Sen. Bernie Sanders brought his second bid for president to the Minnesota State Fair on Saturday as his campaign attempts to again win over voters in a state Sanders is considering one of the nation’s key battlegrounds in 2020.

A thick crush of supporters followed Sanders, I-Vt., between radio and television interviews at local media booths, chanting his name and cheering as the senator at one point ducked into an arcade to shoot hoops.

Sanders’ progressive populist platform attracted uproarious applause at several stops across the fairgrounds. But in an interview earlier with the Star Tribune, he said “we’re taking nothing for granted” ahead of the state’s March 3 Super Tuesday primary, which is likely to include a vastly expanded field of candidates since his commanding 2016 win in the state.

“Different race, different year, different world,” Sanders said.

Included in the newly expanded field is Minnesota Sen. Amy Klobuchar, who has been mired in the single digits in most polls but remains popular in her home state. Sanders called Klobuchar, who entered the Senate with Sanders in 2006, a “personal friend” and described their platforms as “issue-oriented campaigns” that will resonate with working families.

Sanders’ visit came days after Massachusetts Sen. Elizabeth Warren stopped in the Twin Cities last week, making them the first top-tier candidates to visit a state that President Donald Trump has repeatedly vowed to win next year.

In an interview, and later speaking before a crowd of several hundred people at Minnesota Public Radio’s booth, Sanders lit into the president on Saturday, calling him “the most dangerous president in the history of this country” and “a pathological liar, a racist, a sexist, a homophobe and a xenophobe.”

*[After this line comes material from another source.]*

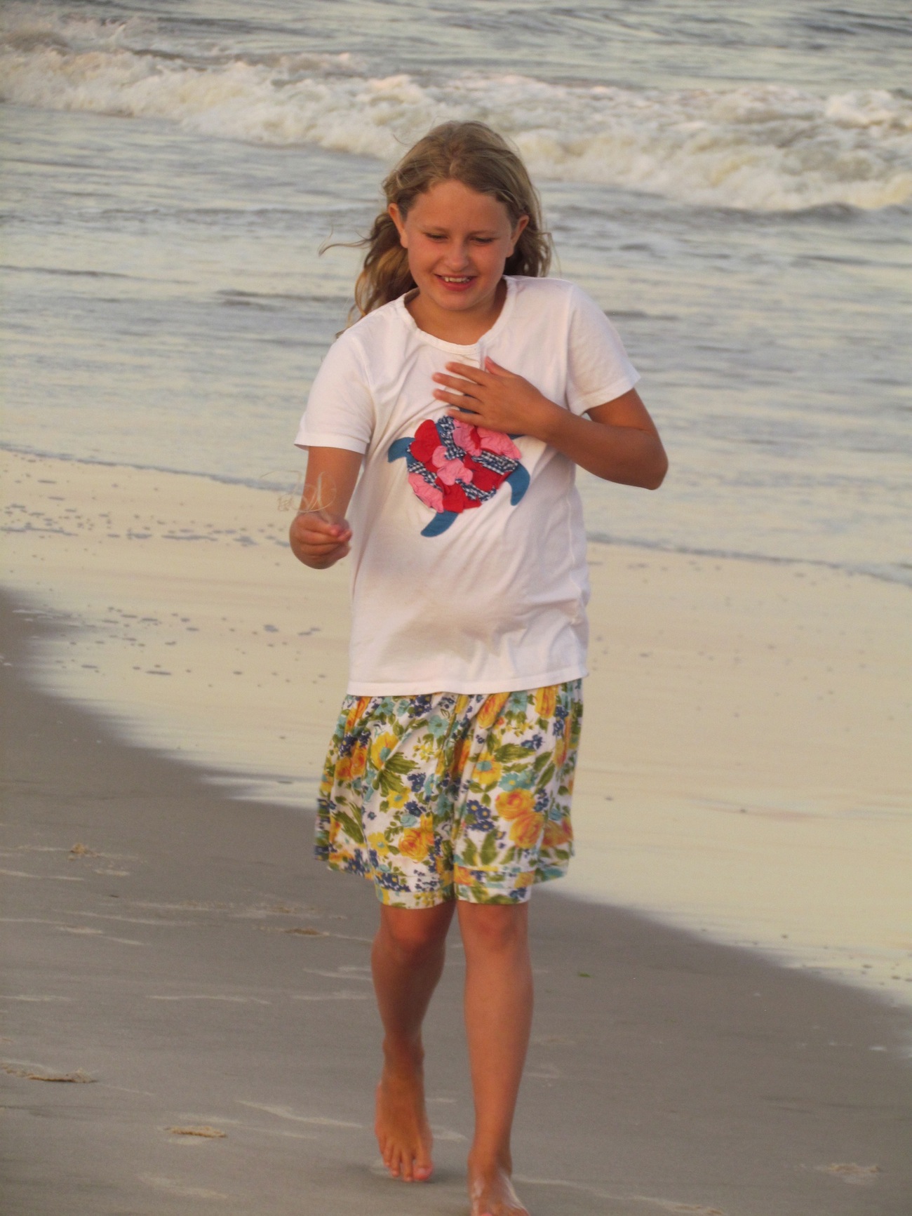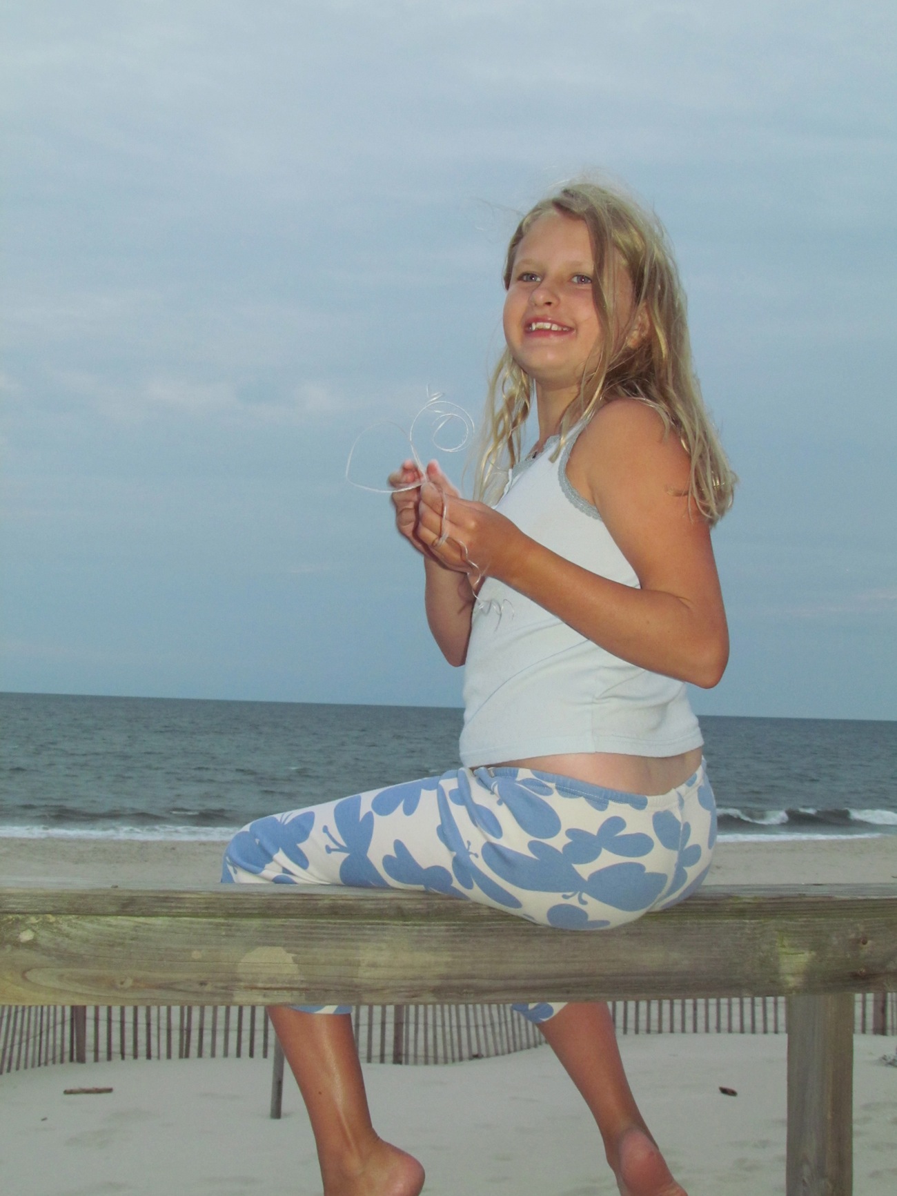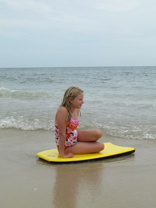 The ocean beckoned, but Emma caught sight of a swimming pool on someone’s deck, “Go swimming in the pool?” she asked pointing to the neighboring house.  I explained that this wouldn’t be possible, though I could tell Emma remained unconvinced and when Bobbie told us there was an Inn just a few houses away with a big swimming pool, it was decided.  Off we went with Bobbie’s daughter Mina, who is exactly the same age as Em.  We  jumped and splashed and played “chicken” where the girls sat on our shoulders while they tried to push each other off.  There was lots of laughter and squealing with excitement and delight and I had a moment when I realized I was laughing and Emma was laughing and Mina was laughing and Bobbie was laughing.  I stared up at the sky in that moment, atheist that I am, and said a silent thank you.  It was heartfelt and honest.  I was relieved.  So incredibly relieved.

“But in addition to defeating Trump, we’ve got to do more than that and we have to create an economy and a government that works for all of us and not just the 1%,” Sanders said in an interview.

Sanders’ campaign said that the senator is leading fundraising in 32 Minnesota counties and in the Twin Cities, and that thousands of active volunteers have held about 200 events in the state this year. Sanders’ Saturday schedule included a private dinner with Minnesota Attorney General Keith Ellison, who this year again publicly endorsed Sanders’ campaign, and a “grassroots fundraiser” in Minneapolis.

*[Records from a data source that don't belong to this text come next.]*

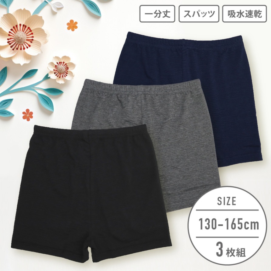 【女の子】ジュニア 一分丈オーバーパンツ 3枚組 黒/グレー杢/ネイビー 130~165cm【吸水速乾】
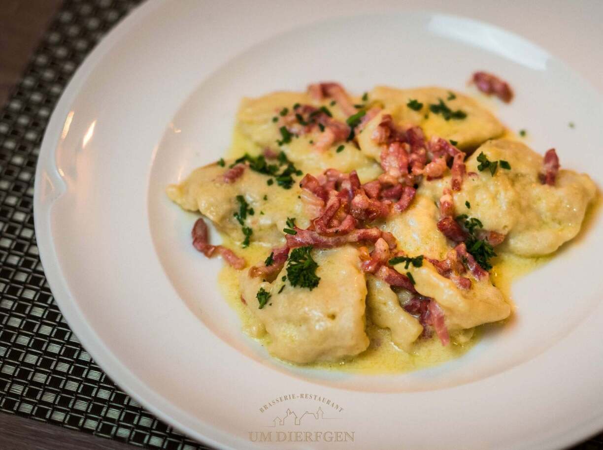 And believe it or not, you can even get a Kniddelen salad in Aspelt. At Am Kraeltgen, Kniddelen are clearly taken seriously – the potential in this Luxembourgish specialty was recognised early on. What you get here is the ‘real deal’, plain and simple – and as a customer, you notice that pretty quickly.
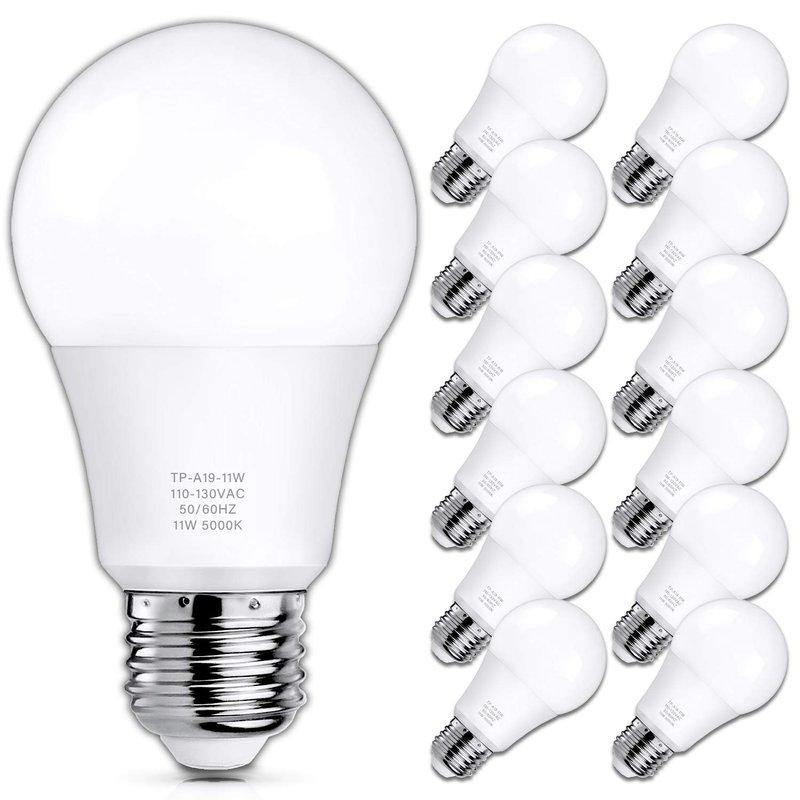 Introductions: A19 LED Light Bulbs, 100 Watt Equivalent LED Bulbs, 5000K Daylight White, 1100 Lumens, Standard E26 Medium Base, Non-Dimmable, 11W Super Bright White LED Bulbs for Living Room Kitchen, Pack of 12 Specifications: Brightness: 1100 lumen Wattage: 11 watts Bulb Voltage: 100-130VAC Frequency: 60Hz Material: Plastic Bulb Base: E26 Medium Base Socket Lifespan: 25000+ Hours CRI: CRI85+ Features: Not Dimmable; Instant On; No Flicker & Noise; Durable-Shatter Resistant; 90% energy saving; No radiation, No pollution, No lead or mercury; Original Brightness; Latest Advanced LED Chips Save energy & Super bright hue: Replace 100 watt equivalent incandescent bulb by 11 watt LED A19 bulbs, Up to 90 % energy saving. Emit over 1100 lumens brightness Please be rest assured to purchase: Quality is always our priority. We Insist on using good quality materials on LEDs, Our LEDs are no breakable parts, toxic chemicals, UV, IR Radiation. Recommended Applications: Fixtures: Pendant Light, Chandelier, Hanging Light, Floor Lamp, Wall Sconce, Table Lamp, Desk Lamp, Ceiling Light. Areas: Bathroom, Kitchen, Basement, Hotel, Powder Room, Restaurant, Bedroom, Study Room, Farmhouse, Living Room, Workshop, Shop, Office, Hallway, Entryway, Porch, Balcony, Stair, Window, TV Side, Bar, Cafe, Foyer, Mudroom, Guest Room, Galley. Package includes: 12 x LED Light Bulb 1 x User Manual
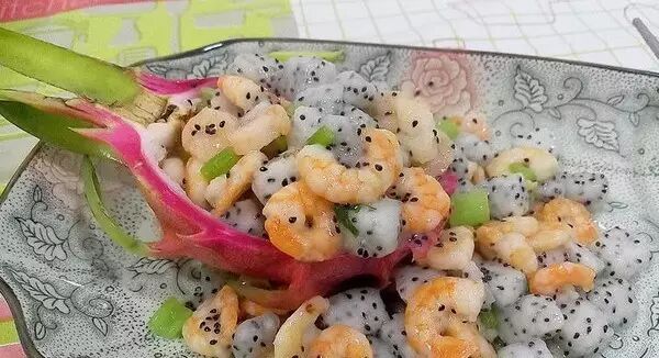 6、不需要太久,否则蔬菜会失去脆嫩感,快熟时放入食盐、鸡精调味,最后放上火龙果翻炒一下出锅装进火龙果壳内即可;
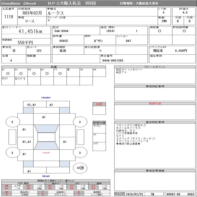 Надёжный авто с проверенного аукциона NPS Osaka Nyusatsu
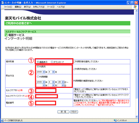 利用状況明細を確認する契約電話番号は-(ハイフン)なしで入力します。(下図 5番)
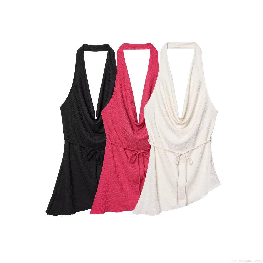 Solid Color, Textured Fabrics, Lace, Backless, Irregular Hem, Wide-leg, Neckband Design
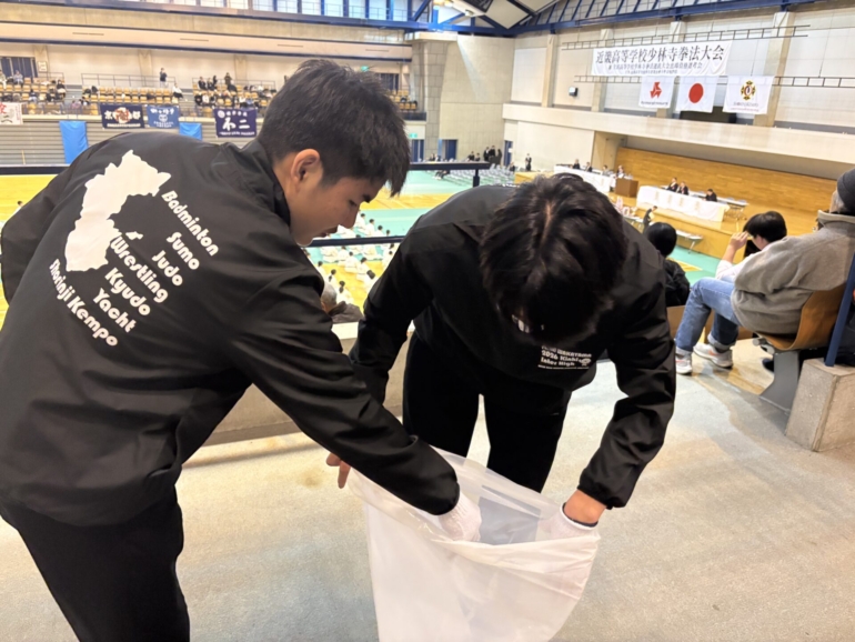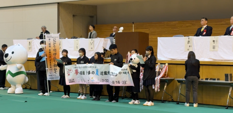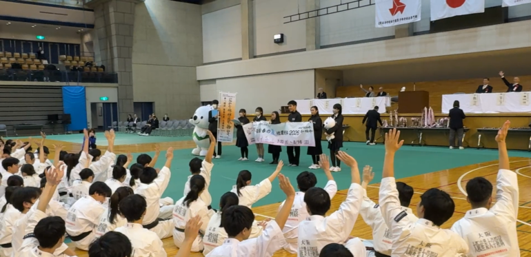 12月22日(月)県立橋本体育館で行われた、第43回近畿高等学校少林寺拳法大会にて広報活動を行いました。来年度インターハイの競技会場となる県立橋本体育館で近畿2府4県の選手約240名に対し、和歌山県に関するクイズと演武を終えた選手にインタビューを行い、会場はとても盛り上がりました。
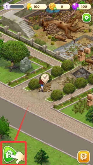 1、进入游戏后我们需要修复花园,现在的金币和物品还无法对花园进行修复,点击左下角的进入合并界面。

Sanders is running on a platform that would represent a dramatic transformation in American politics. He has so far outlined ambitious progressive proposals like Medicare-for-all, tuition-free college and a recently launched $16 trillion “Green New Deal” climate plan.

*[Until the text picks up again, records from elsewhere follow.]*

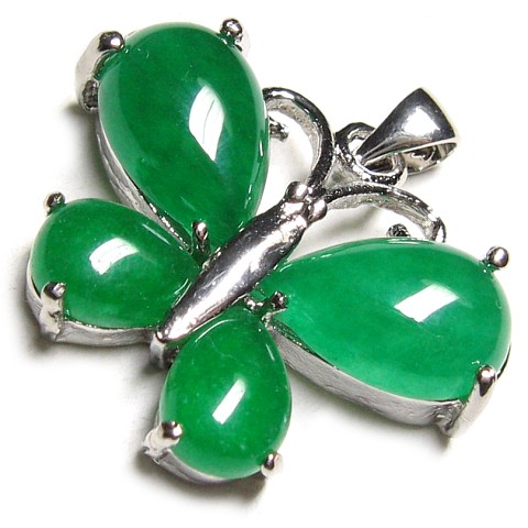 Silver Emerald Jade Butterfly Amulet Pendant
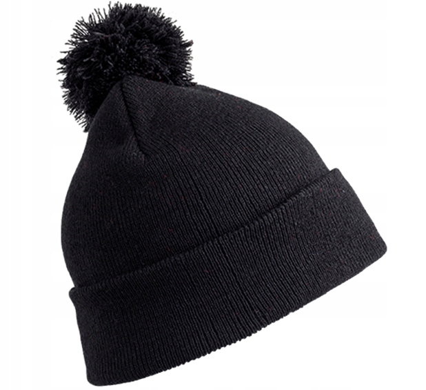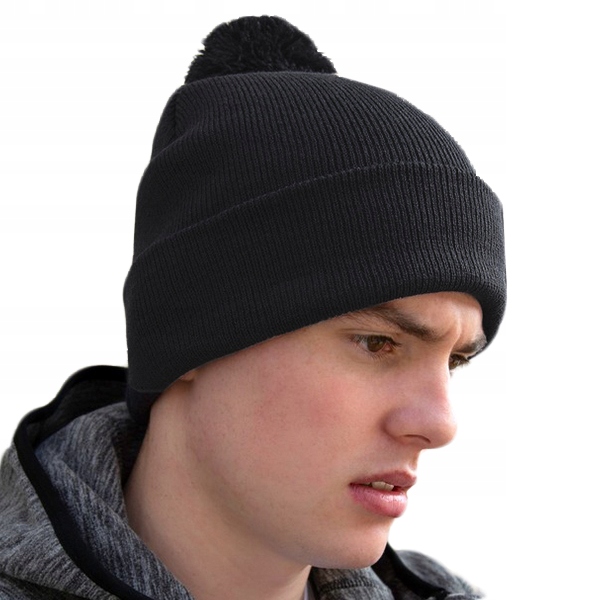 Двошарова чорна шапка з помпоном
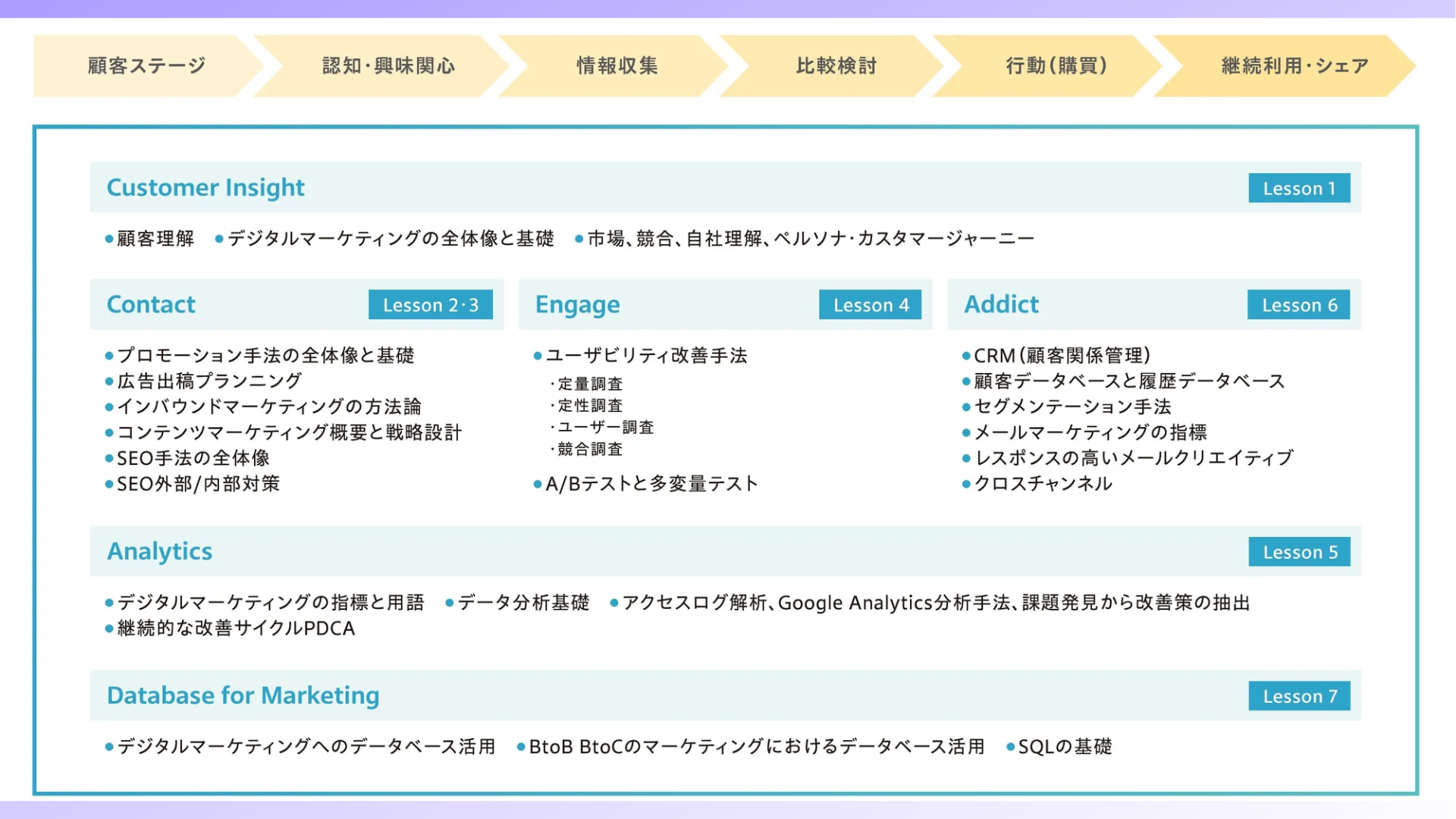 デジタルマーケティングコースでは認知・興味関心から継続利用・シェアまでの顧客ステージ全体を網羅したカリキュラムが特徴です。

While several 2020 Democratic candidates have since echoed many of the priorities that undergirded Sanders’ 2016 campaign, the wide field is also prompting an intraparty debate among candidates with more moderate, centrist records, such as Klobuchar and former Vice President Joe Biden.

“I fear very much that if we do not have a candidate who is going to be running an exciting and energetic campaign that creates the largest voter turnout by far in American history, who brings young people into the political process, Trump could win this election,” Sanders said.

Speaking for them

Martha Renville, 66, and her daughter, Allison Renville, 35, made the 3½-hour drive from Sisseton, S.D., to watch Sanders speak on Saturday. The Renvilles are part of the Sisseton Wahpeton Oyate tribe, and Allison has helped organize for Sanders for several years.

“I think it’s really important that he has had the ability to amplify voices that hadn’t necessarily had even a seat at the table,” said Allison Renville, who welcomed Sanders to a visit with tribal leaders in South Dakota last week.

As Sanders exited the Playland arcade after a quick round of basketball, Sophia Valentino waved a copy of his book, prompting the senator to pause and scrawl an autograph on the cover. Moments later, Valentino bounced in excitement as she ran to show her husband, Noah.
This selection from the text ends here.